From the South China Morning Post this week in 1984

'It would not be realistic to think of an agreement that provides for continued British administration in Hong Kong after 1997.'

With those words, the British Foreign Secretary, Sir Geoffrey Howe, issued the first public declaration that Britain would relinquish sovereignty over Hong Kong.

They came in a lengthy statement he made on Hong Kong's future at a press conference in the Legislative Council chamber.

The gist of it was: there would be no British administration when the lease expired.

He said Britain was looking for an arrangement, which would secure 'a high degree of autonomy under Chinese sovereignty'.

And he revealed that the negotiating team was seeking an international agreement based on the Chinese 50-year principle.

'The British government's objectives are clear: a framework of arrangements that will provide for the maintenance of Hong Kong as a flourishing and dynamic society; and an agreement in which these arrangements will be formally recorded,' he declared.

Sir Geoffrey offered Hong Kong an encouraging look at life after 1997 as part of China, but he offered no 'safety net' in Britain for disenchanted Hongkongers who decided they could not live under a communist regime.

And he refused to give any direct pledge that Britain would go back to the negotiating table if Hong Kong was unhappy with the final deal.

Hong Kong reacted calmly to the announcement that Britain would relinquish sovereignty to China after 1997. The forecast of 'a high degree of autonomy' for the territory in the post-British era was greeted with cautious optimism.

Many heaved a sigh of relief that the heavy veil of confidentiality had at least been lifted partially, making clearer the direction in which the talks were headed.

A young policewoman was killed when a gunman sprayed bullets from a window of the Libyan embassy in London.

Witnesses said a burst of 10 shots, apparently from a sub-machinegun, was fired from the embassy window at about 70 Libyan exiles.

Constable Yvonne Fletcher, 25, was standing between the embassy and the group opposed to the Libyan leader, Colonel Muammar Gaddafi.

She was shot in the abdomen.

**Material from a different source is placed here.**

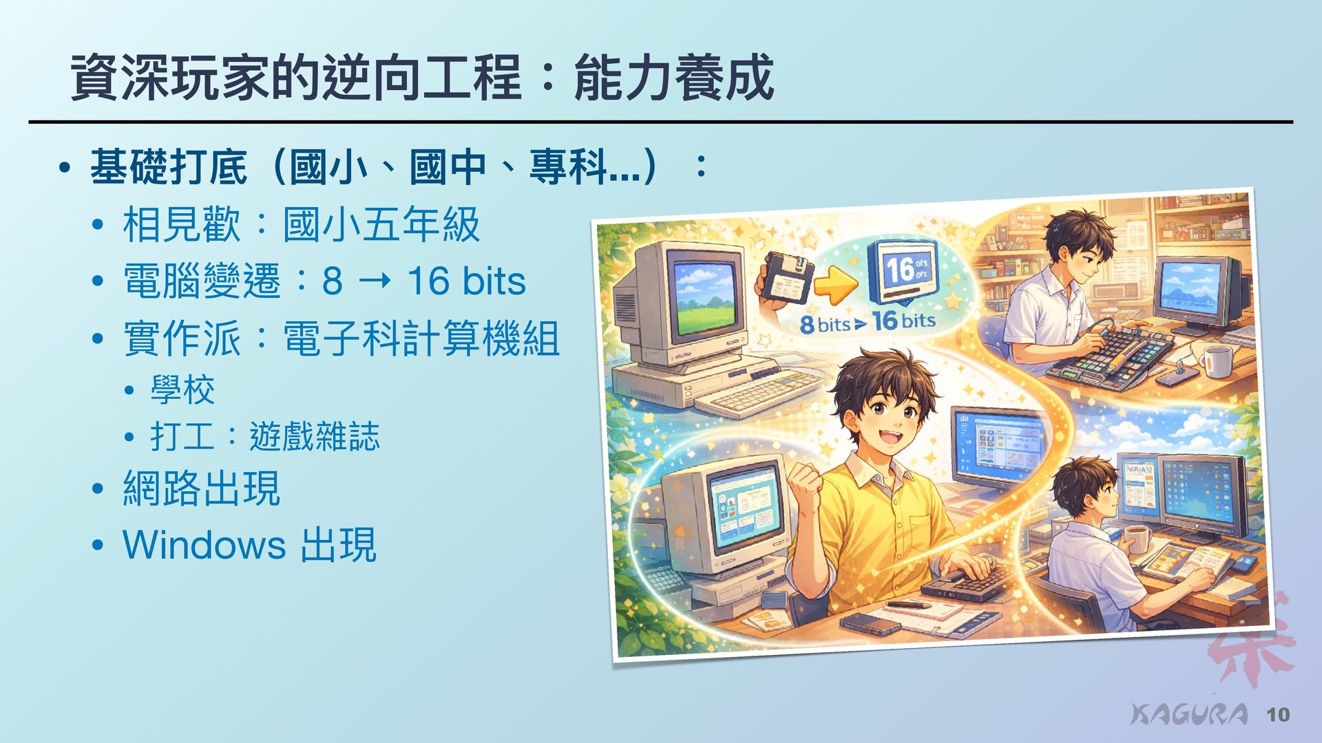 相 見 歡:國 小 五年級 • 電腦變遷:8 → 16 bits • 實作派:電 子 科計算機組 • 學校 • 打 工 :遊戲雜誌 • 網路出現 • Windows 出現 10

Doctors performed emergency surgery but she died four hours after the shooting. Ten demonstrators were wounded.

The embassy - officially called the People's Bureau - was quickly besieged by armed police, who sealed off the area close to Buckingham Palace.

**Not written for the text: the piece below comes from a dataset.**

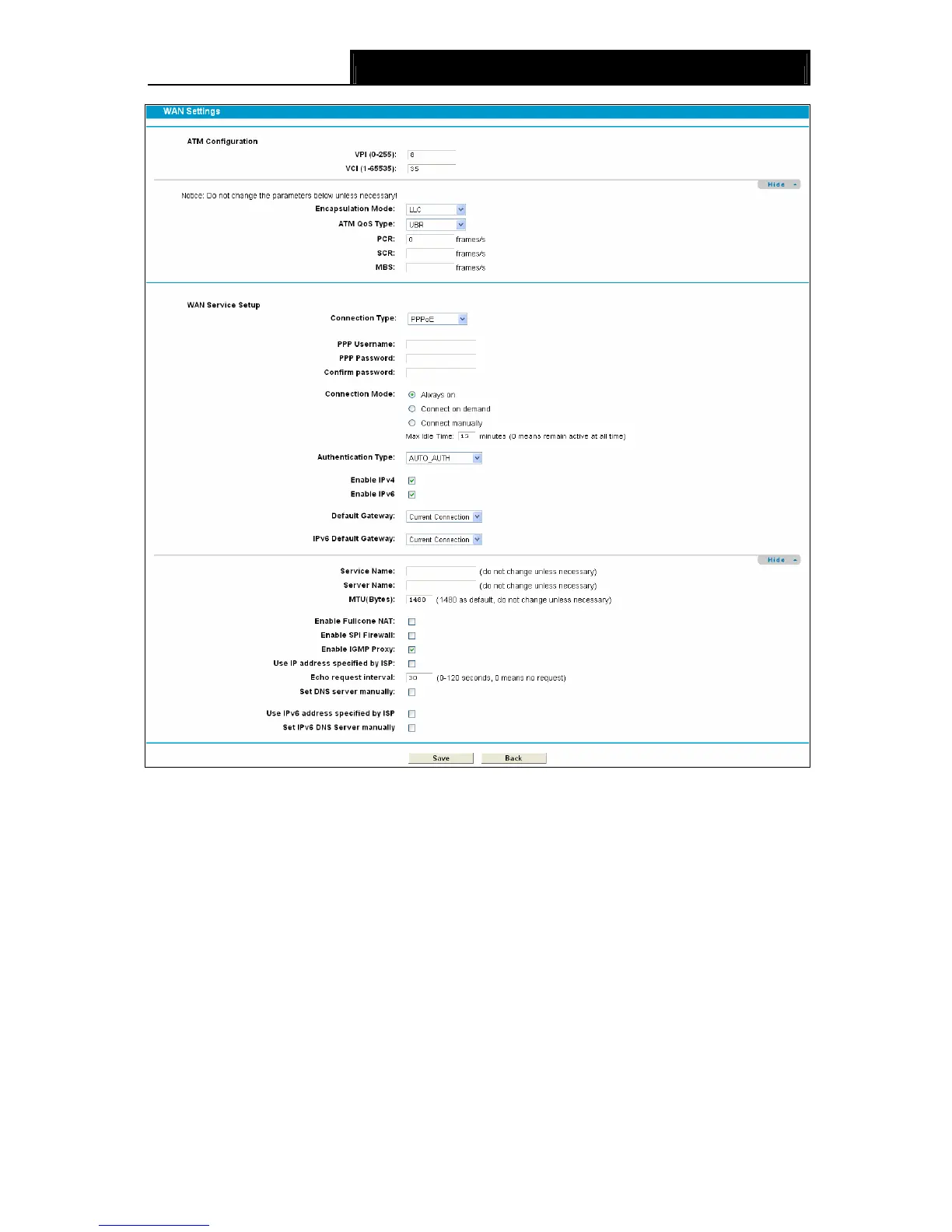 ¾ Connection Mode: For PPPoE connection, you can select Always on, Connect on demand

Later in the afternoon, six men were arrested at Heathrow airport and interrogated by Scotland Yard's anti-terrorist squad.

British Caledonian Airways disclosed that a flight to Tripoli was recalled over the Mediterranean on the advice of the Foreign Office and the suspects were arrested on board after the plane landed.

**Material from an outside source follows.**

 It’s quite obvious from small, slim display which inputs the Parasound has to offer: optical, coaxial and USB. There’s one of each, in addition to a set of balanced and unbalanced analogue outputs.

The following day police kept the embassy under siege after all-night telephone negotiations failed to break a diplomatic stalemate.

And in Tripoli, the British embassy was surrounded by large numbers of revolutionary guards, who refused to let the ambassador and others leave the building.

The Japanese knew before they entered the second world war that Sir Winston Churchill had confided that Britain could not resist a Japanese attack in the Far East or defend Singapore.

The Sunday Telegraph said Britain's wartime prime minister sent his conclusions to his allies, the prime ministers of Australia and New Zealand, with other secret papers aboard a British cargo ship, the Automedon.

It was captured by the German surface raider Atlantis in the Indian Ocean in November 1940.

The papers were turned over to the Japanese by the German naval attache in Tokyo.The report said the British Foreign Office believed its former official and Soviet spy Donald Maclean gave the papers to the Soviets, who gave them to the Germans, who then passed them to the Japanese.